[clug] cachefs question for meeting tonight

Thu Nov 27 11:08:55 EST 2003

I'd like to put a question on notice for the meeting tonight:

How can something akin to Sun's cachefs be kludged in Linux?

Kludging is optional but the solution needs to provide
 a way of using local disk space as a cache of a network file system.

The CSIRO Bioinformatics Facility has two 400Gig filesystems on a server,
 that need to be available to 66 cluster nodes.  Just NFS exporting
 one server to so many nodes leaves the cluster NFS bound.

Nodes only need read-only access and files change slowly (>weekly).
Jobs come in big batches, all based on the same few files.

Each node has 27 Gig of free space which is heaps for a working set
 I just don't want to have to groom what is in this working set.
Nor do I want to have to pre-pend an rsync to a batch.
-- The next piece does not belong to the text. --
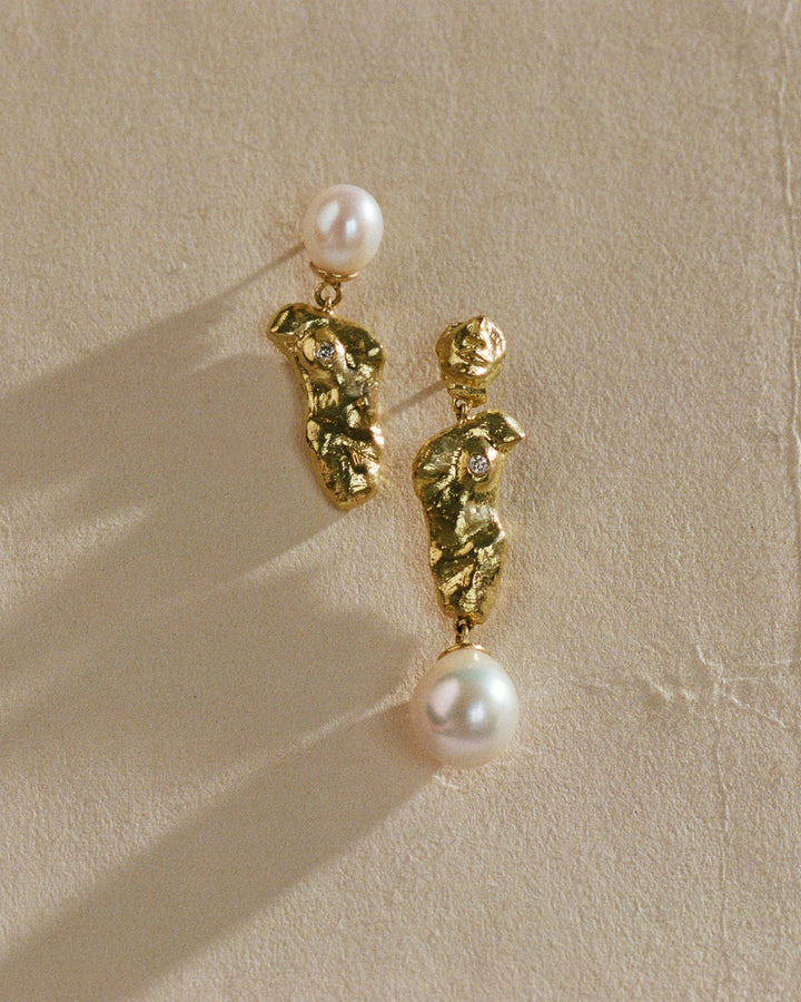 Handcrafted in recycled 18k yellow gold with white diamonds and baroque pearls. Left earring length: 24mm; Right earring length: 35.5mm.

So it's calling for cache, which means a incomplete local FS
 with on-demand loading and a simple flushing algorithm.
Flushing outdated copies could be done by checking against the master 
 but could be as crude as broadcasting an "expire all cached" command.

It would be nice if it could export an existing trusted filesystem
 like ext3 or reiser rather than being it's own FS like Coda or AFS.
( They are ugly using ACLs not Unix file permissions
 and can't handle the size I need)

But I can't find cachefs or anything like it for Linux,  ||8^(
 Tridge, anyone what's the best way forward?

michaelj

Alternate Solution:
Our experience suggests that an NFS server can easily feed 6 clients,
 so an intermediate solution would use NFS cross mounting
 to group the storage of 6 nodes.  Having 150 Gig
 of "almost local" space would meet the present need
 but is not as elegant as 800 Gig with cache.

-- 
Michael James                         michael.james at csiro.au
System Administrator                    voice:  02 6246 5040
CSIRO Bioinformatics Facility             fax:  02 6246 5166